Module ben::encode

source ·
Expand description

This module contains the main encoding functions for turning an input JSONL or BEN file into a BEN or XBEN file.

Any input JSONL file is expected to be in the standard

{"assignment": [...], "sample": #}

format.

The BEN format is a simple bit-packed run-length encoded assignment vector with some special headers that allow the decoder to know how many bytes to read for each sample.

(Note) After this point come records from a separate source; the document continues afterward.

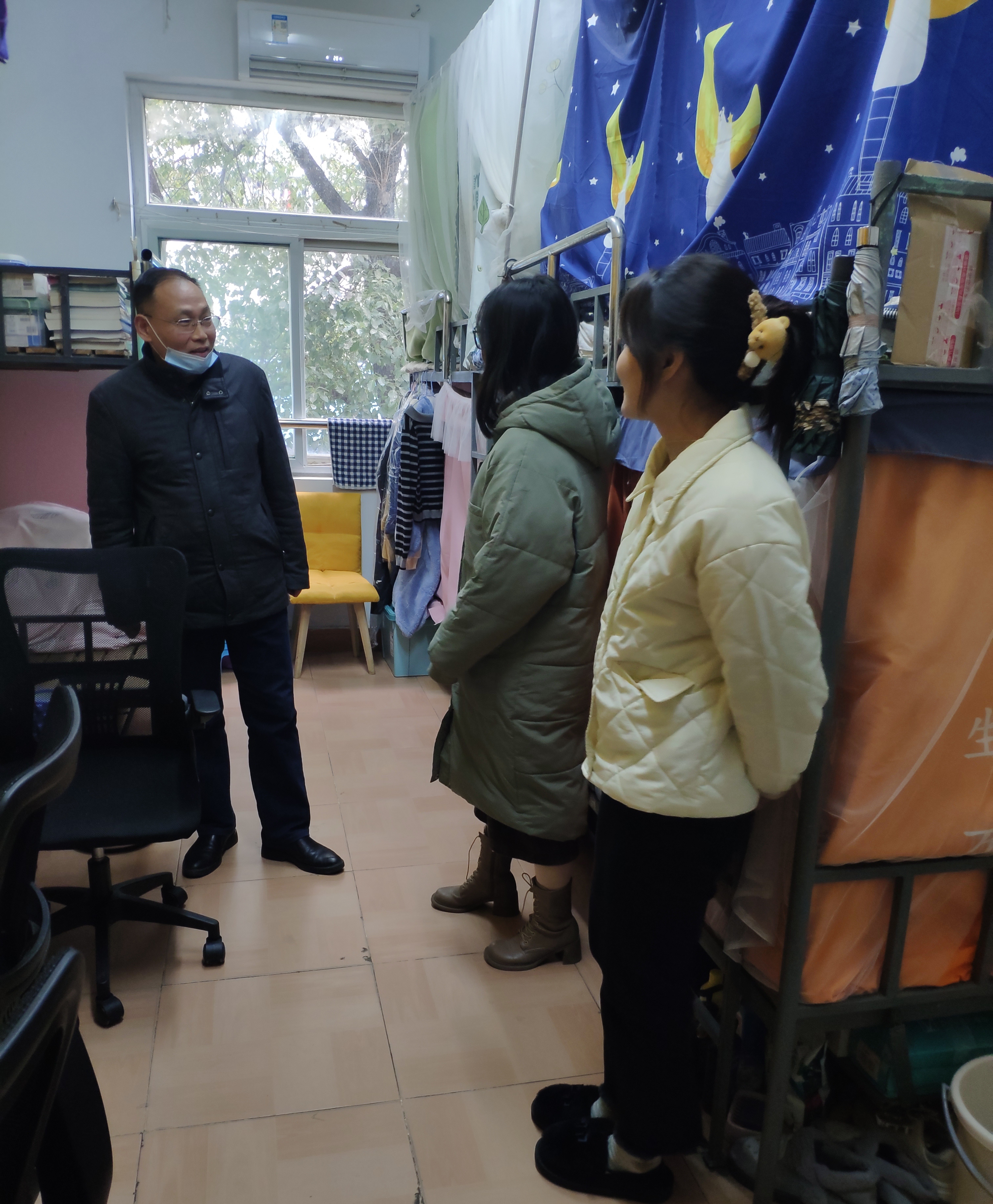 在史河路校区宿舍,杜明与公司2020级研究生张玉、2021级研究生吕栢庆进行了亲切交谈,仔细询问了学习生活和家里的情况。他转达了公司对春节期间留校员工的关心和爱护,给员工送去温暖关怀和慰问品,嘱咐同学们春节期间要合理安排假期生活,注意人身和用水用电安全,也要按照疫情防控相关要求做好自我防护。
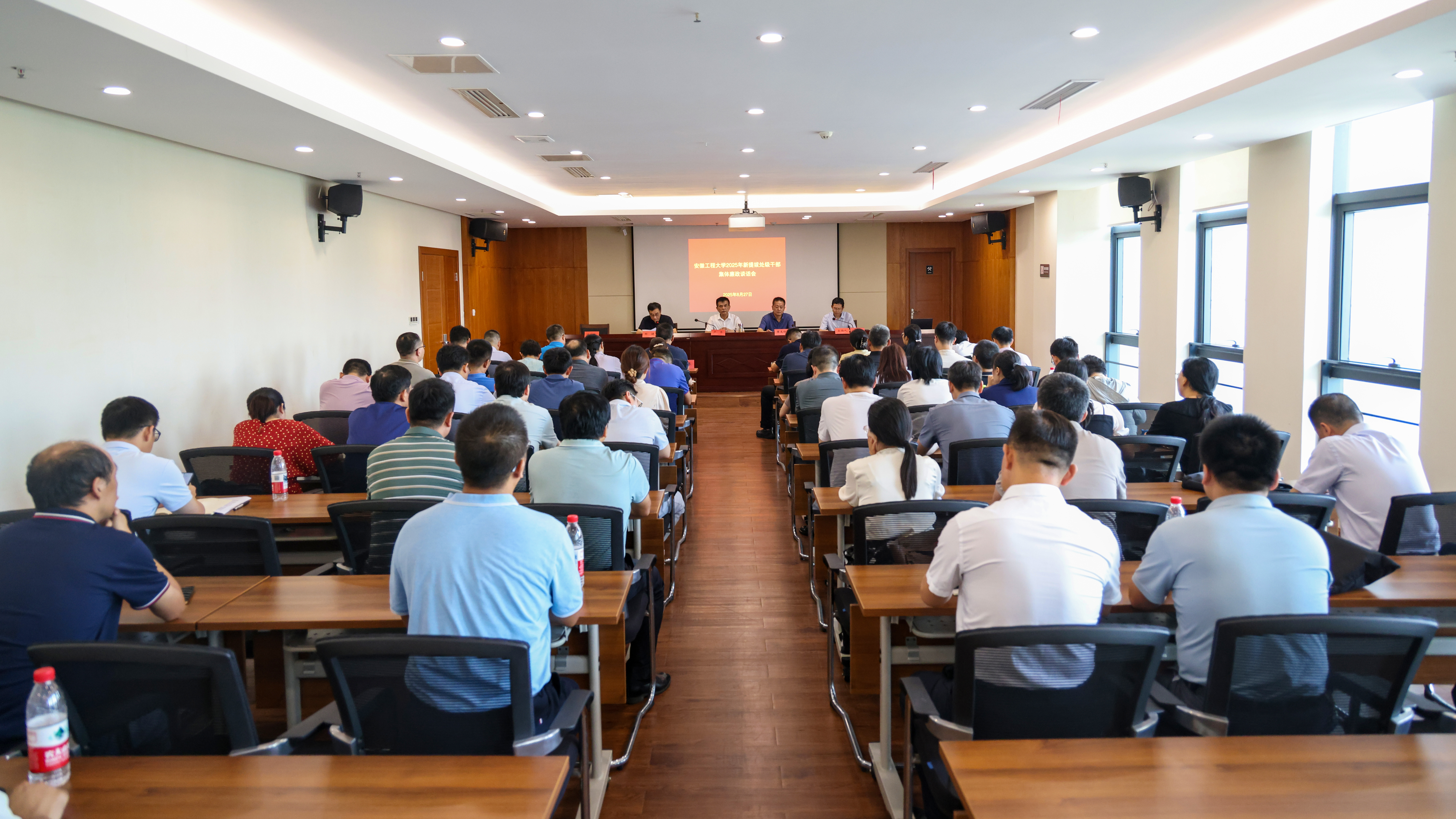 本网讯 8月27日,学校在芜湖市反腐倡廉教育馆组织开展新任职处级干部集体廉政谈话。校党委书记卢平,校党委副书记、校长黄友锐,党委副书记郑健,校党委常委、纪委书记、监察专员程双四,芜湖市委常委、纪委书记、监委主任吴祚麓参加活动。
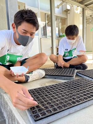 グリーンデザインの授業でダイコンとハクサイの種を撒きました!ハクサイはセルトレー、ダイコンは1つの穴に2粒ずつ離して撒くことができました。生徒たちは「小さな種なのに、あんなに大きなダイコン、ハクサイになるなんてすごーい!」と言いながら実習をしていました。
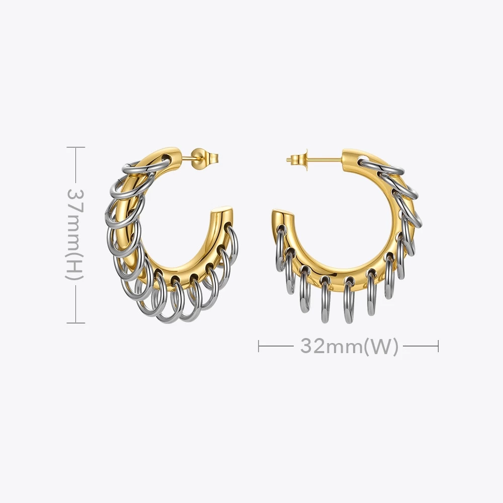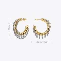 Women’s Punk Chain Hoop Earrings Enfashion specializes in designing and producing jewellery for everyone! Offering a wide range of styles, in plated gold, Stainless steel and silver shop necklaces, bracelets, earrings, rings, made from the finest quality, craftsmanship, and unique designs. With a signature style or aesthetic that sets it apart from other brands. Whether you’re looking for a timeless piece to wear every day or a special piece to add to your collection, Enfashion has something to offer for everyone. Swipe for length, and composition of your item. Size 32mm(W) x 37mm(H)
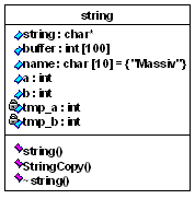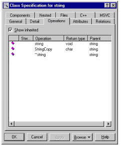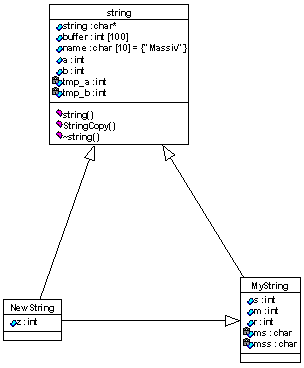 Рис.7 Рисунок 6 показывает модель класса "string". А на рисунке 7 отображается вкладка, описывающая функции класса. Как и в случае с переменными имена функций отображаются на экране. Также доступен вход в спецификации конкретной функции. Если еще раз вернуться к листингу, то можно обратить внимание на декларацию функции "StringCopy", в которой входные параметры дотошно документированы. Так вот, если был применен подобный подход к документированию, то комментарий каждого параметра перенесется в качестве описательного комментария в соответствующую часть атрибута модели класса. То есть, получается, очень выгодно подвергать обработке исходные тексты написанные по всем правилам программирования. С простым классом все просто - со сложным - немного сложнее. Ниже вашему вниманию представлен листинг трех классов и их визуальная модель. Пример иллюстрирует изобразительные возможности Rose в плане прорисовки связей между классами.
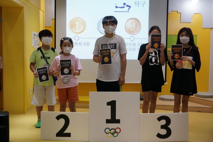서울 강동구 아동청소년 미래본부는 최근 지역내 아동 134명이 참여한 가운데 ‘미본 mini 올림픽’을 개최했다. 구 아동청소년 미래본부는 종목별로 우수한 성적을 거둔 3팀을 뽑아 시상했다. 사진은 mini 올림픽 시상식에서 어린이들이 기념촬영을 하는 모습. (사진제공=강동구청)
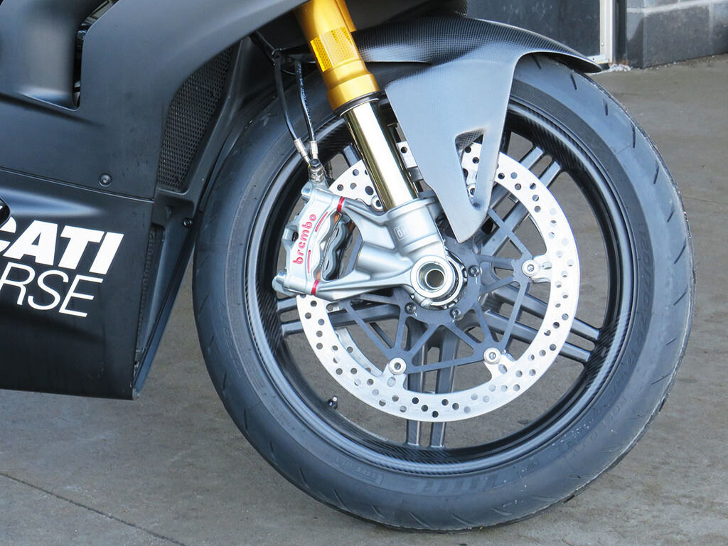 To further enhance the performance on the track and the dynamic qualities of the Panigale V4, the \"SP2\" version is equipped with high-quality 5-split spoke carbon wheels, 1.4 kg lighter than the aluminium forged ones of the Panigale V4 S.

The XBEN format uses LZMA2 dictionary compression on a byte-level decompressed version of the BEN format (known as ben32) to achieve better compression ratios than we could achieve with applying LZMA2 compression directly to the BEN format.

Modules§

  • This module contains the main functions that are used in the reben binary for relabeling the assignment vectors in a BEN file. The relabeling is done can be doe either so that the values are in ascending order or according to a mapping provided by the user in a map file.
  • This module contains the main functions that are used for translating between the ben32 and BEN formats. The ben32 format is a simple run-length encoding of an assignment vector done at the byte level and for which every 32 bits of data encodes a one (assignment, count) pair. The BEN format is a bit-packed version of the ben32 format along with some extra headers.

Structs§

  • A struct to make the writing of BEN files easier and more ergonomic.
  • A struct to make the writing of XBEN files easier and more ergonomic.

Functions§

  • This function takes a BEN file and encodes it into an XBEN file using bit-to-byte decompression followed by LZMA2 compression.
  • This function takes in a standard assignment vector and encodes it into a bit-packed ben version.
  • This function takes a JSONL file and compresses it into the BEN format.
  • This function takes a JSONL file and compresses it to the XBEN format.
  • This is a convenience function that applies level 9 LZMA2 compression to a general file.